┏━━

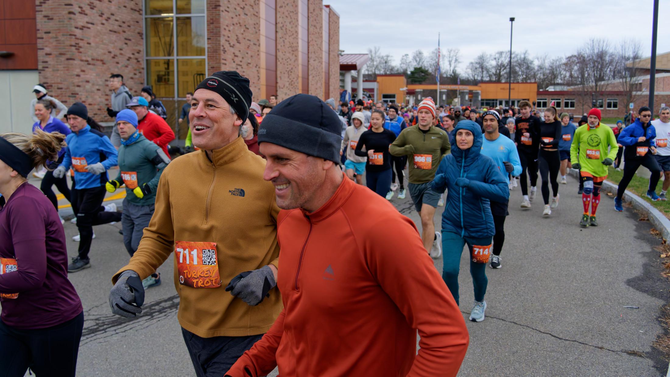 The Turkey Trot to fund Loaves and Fishes got off to a chaotic start with the crowd overflowing the parking lot and surrounding my position
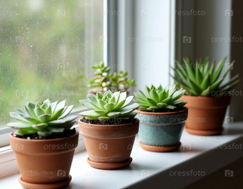 Суккуленты в керамических горшках на окне. Сгенерированный ИИ
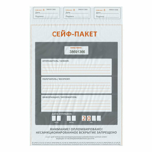 Сейф-пакеты полиэтиленовые, большой формат (562х695+45 мм), комплект 50 шт, индивидуальный номер: сравнение цен, характеристики, фото, актуальное наличие и цены.
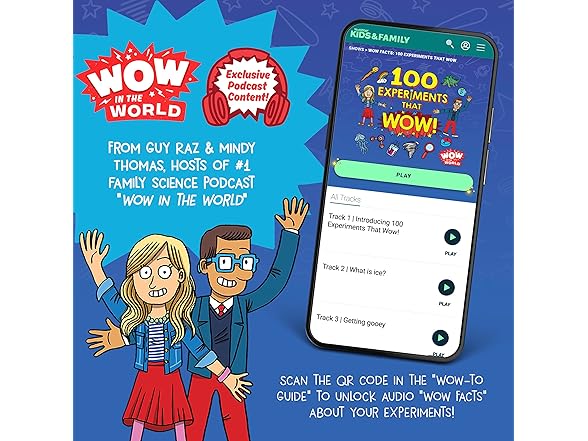 - EXCLUSIVE AUDIO CONTENT: The #1 family science podcast “Wow in the World” hosts Guy Raz & Mindy Thomas join you & your family on this bonkerballs adventure through the wonders of science! Audio “Wow Facts” await you, accessible only within the pages of the “Wow-To Guide!”
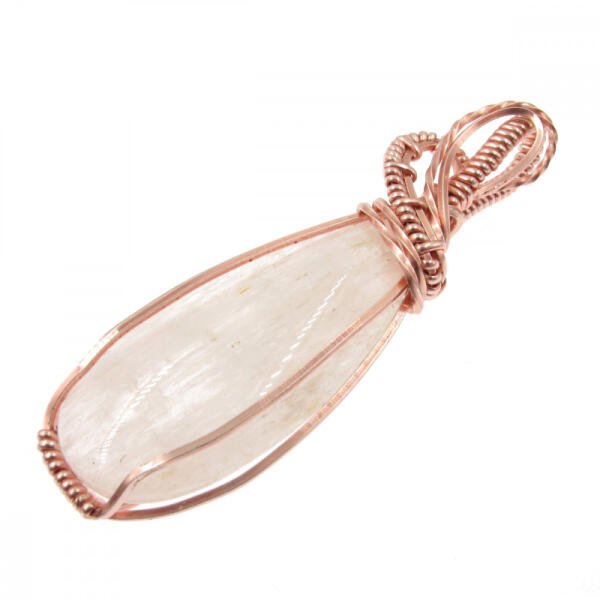 Gyönyörű selyem fényű pasztel rózsaszín kunzit medál, rózsaarany drót foglalatban. A kunzit mérete: 18*35mm teljes magassága : 57mm Visszafogott, mégis egyedi, minimál stílusú ékszert készítettem ebből a nagyon ritka, és nagyon szép, kissé áttetsző kunzit drágakőből. A kunzit az Isteni szeretet, a szív tudásának aktiválása és érzelmi gyógyulásának köve. Megny

┗━━

### DIRECTIONS
Your copy should hold only the lines from the one containing "Сейф-пакеты полиэтиленовые, большой" through the last line of the listing, both included, retyped exactly and free of pictures.

### TASK RESULT
 Сейф-пакеты полиэтиленовые, большой формат (562х695+45 мм), комплект 50 шт, индивидуальный номер: сравнение цен, характеристики, фото, актуальное наличие и цены.
 - EXCLUSIVE AUDIO CONTENT: The #1 family science podcast “Wow in the World” hosts Guy Raz & Mindy Thomas join you & your family on this bonkerballs adventure through the wonders of science! Audio “Wow Facts” await you, accessible only within the pages of the “Wow-To Guide!”
 Gyönyörű selyem fényű pasztel rózsaszín kunzit medál, rózsaarany drót foglalatban. A kunzit mérete: 18*35mm teljes magassága : 57mm Visszafogott, mégis egyedi, minimál stílusú ékszert készítettem ebből a nagyon ritka, és nagyon szép, kissé áttetsző kunzit drágakőből. A kunzit az Isteni szeretet, a szív tudásának aktiválása és érzelmi gyógyulásának köve. Megny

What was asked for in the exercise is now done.